A thread with key takeaways.

superorganizers.substack.com/p/surgical-rea…
Use the book as a reading map.

Ask:
• Why is the book relevant?

• What does the title mean?

• What draws my attention in the index?

• How does the ToC match with my items from the index?

• Does the preface confirm my understanding?

• Do I care enough to read it?
Judge books by their cover.

Authors spend a lot of time thinking about their title and subtitle. Ponder on them and think about what the author is trying to communicate.
Book indexes are everything.

• Look at what topics are covered most. What stands out?

• Look at the sequence of topics. Can you discern a thread?

• What interests you? Write it down on a note-card with the page number.

• Finally, what is this book trying to get across?
The Table of Contents is the skeleton of a book.

The ToC tells you how the author wants you to understand the book; it gives the big picture.

Take your list of index items and compare them with the ToC. Do you get a sense of the author's points?
Check your understanding of the book with the preface.

Often, authors will tell you in the preface what the book is about and what points it's making. Check if your understanding from the index and ToC is correct.

Book prefaces are like movie trailers. Ask: do I care?
After skimming a book and creating a map, do you care enough to read it?
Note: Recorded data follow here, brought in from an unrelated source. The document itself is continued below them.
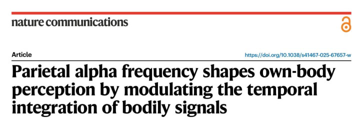 图 | 团队论文:顶叶皮层阿尔法波频率通过调节身体信号的时间整合来影响自身身体感知(来源:Nature)
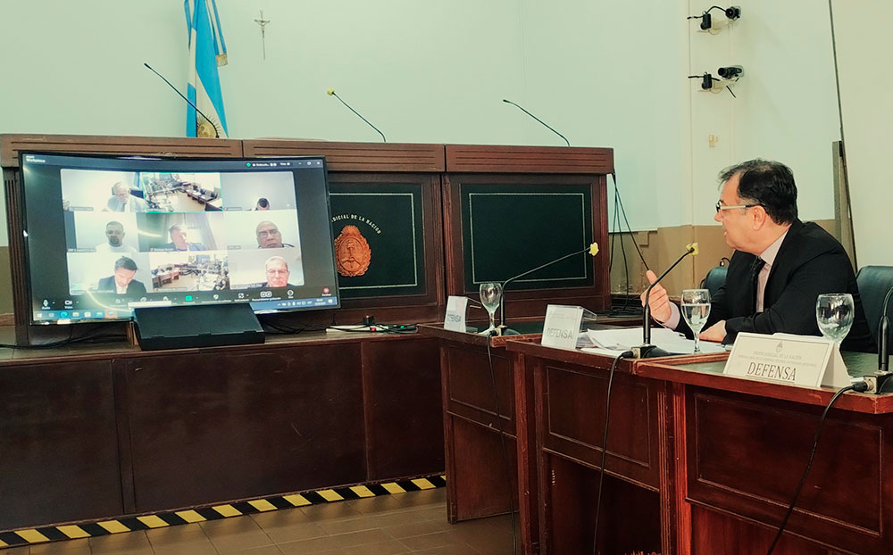 Fue Marco Aurelio Racagni, defensor oficial del Juzgado Federal de Oberá y designado como representante legal de Rojas, quien insistió en que la modalidad virtual que tiene el debate con jueces, acusados y testigos y parte de la fiscalía conectados remotamente desde Chaco, Formosa, Corrientes y Buenos Aires, “no garantiza el derecho a la defensa en juicio” porque se le rechazó al encartado y ahijado legal poder realizar preguntas a los testigos citados a declarar.
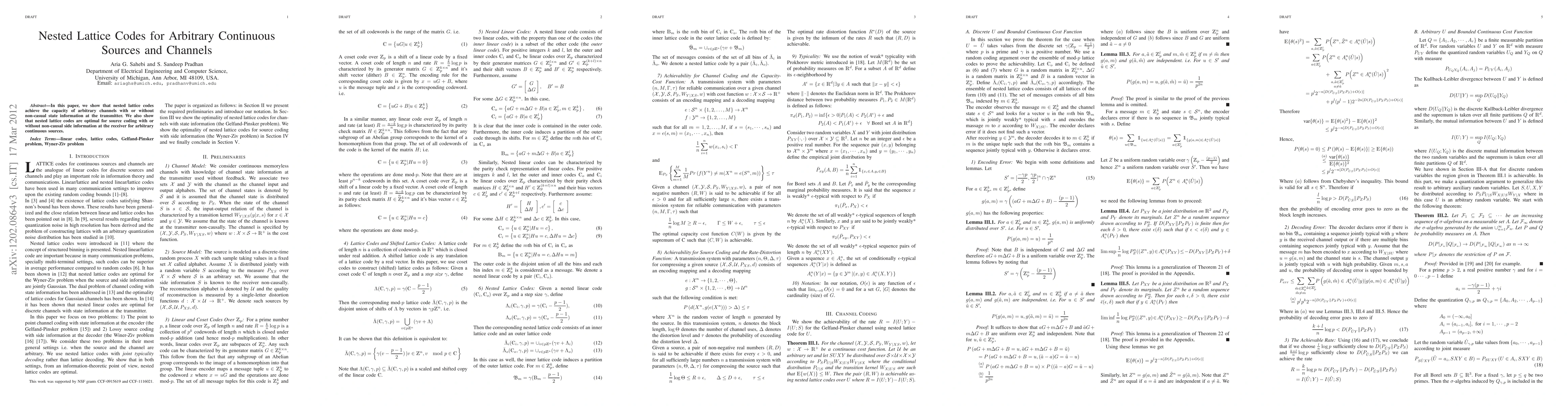 Summary: This paper demonstrates that nested lattice codes can achieve the capacity of any channel, leveraging non-causal state information, and are optimal for source coding with or without non-causal side information for continuous sources.
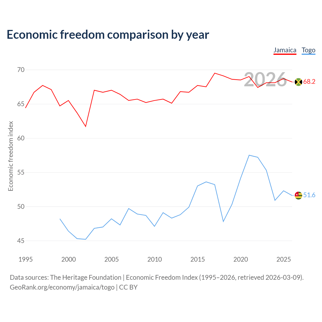 The Economic Freedom Index for Jamaica is 68.2, ranking 48/197, compared to 51.6 for Togo, ranking 153/197. The chart above displays a comparison of annual changes in economic freedom indexes.
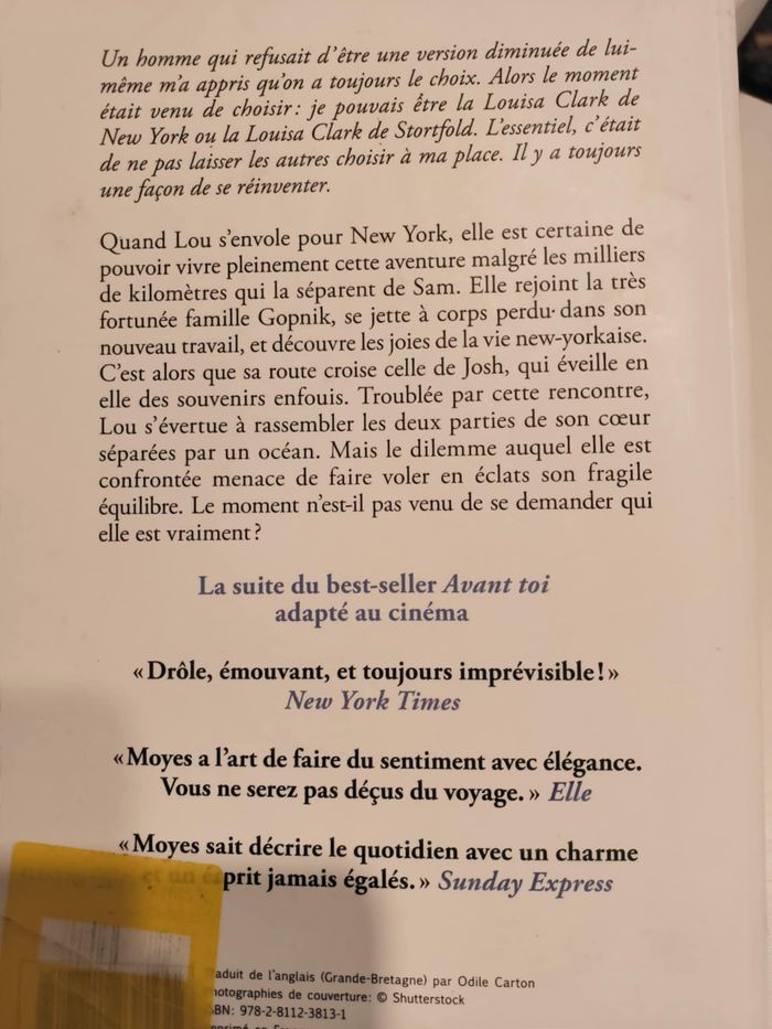 Quand Lou s'envole pour New York, elle est certaine de pouvoir vivre pleinement cette aventure malgré les milliers de kilomètres qui la séparent de Sam. Elle rejoint la très fortunée famille Gopnik, se jette à corps perdu dans son nouveau travail, et découvre les joies de la vie new yorkaise. C'est alors que sa route croise celle de Joshua, un homme qui éveille en elle des souvenirs enfouis. Troublée par cette rencontre, Lou s'évertue à rassembler les deux parties de son c¿ur séparées par un océan. Mais les lourds secrets qui pèsent sur elle menacent de faire voler en éclats son fragile équilibre. Le moment n'est-il pas venu de se demander qui elle est vraiment ? Biographie: Jojo Moyes vit en Angleterre, dans l'Essex. Après une carrière de dix ans dans le journalisme, elle décide de se consacrer à l'écriture. Ses romans, traduits dans le monde entier, ont été salués unanimement par la critique et lui ont déjà valu de nombreuses récompenses littéraires. Avant toi a créé l'événement et marqué un tournant dans sa carrière d'écrivain. Ce best-seller a rencontré un succès retentissant qui lui a valu d'être adapté au grand écran.

We often care about what's relevant. If the book does not address a challenge you currently have, it's unlikely to interest you.

Put the book away and return to it later.
How to extract knowledge nuggets from books:

• Interact with the book.

• Only read what interests you.

• Read, review, read, review.

• Read several books at once around one topic.
Interact with the books you read.

• Highlight.

• Write in the margins.

• Take notes.

By writing in the books you read, you can see your thinking develop over time. What you write now will benefit your future self.
Only read the interesting parts of books.

• Pick topics from the index that you find interesting.

• Read until you lose interest.

• Save truly useful information to @readwiseio or Anki.

• Make sure you can locate the interesting parts in the future.
Only read books from front to back that you cannot put down.

• Write down key points after reading a chapter.

• Review key points from the previous chapter before starting the next one.

• The system: read, review, read, review.
Read several books at a time.

• Read books that cover a topic of your interest.

• Focus on your topic in each book.

• Distill the common thread from several books.

• Translate terms in your own words so you can compare and contrast ideas.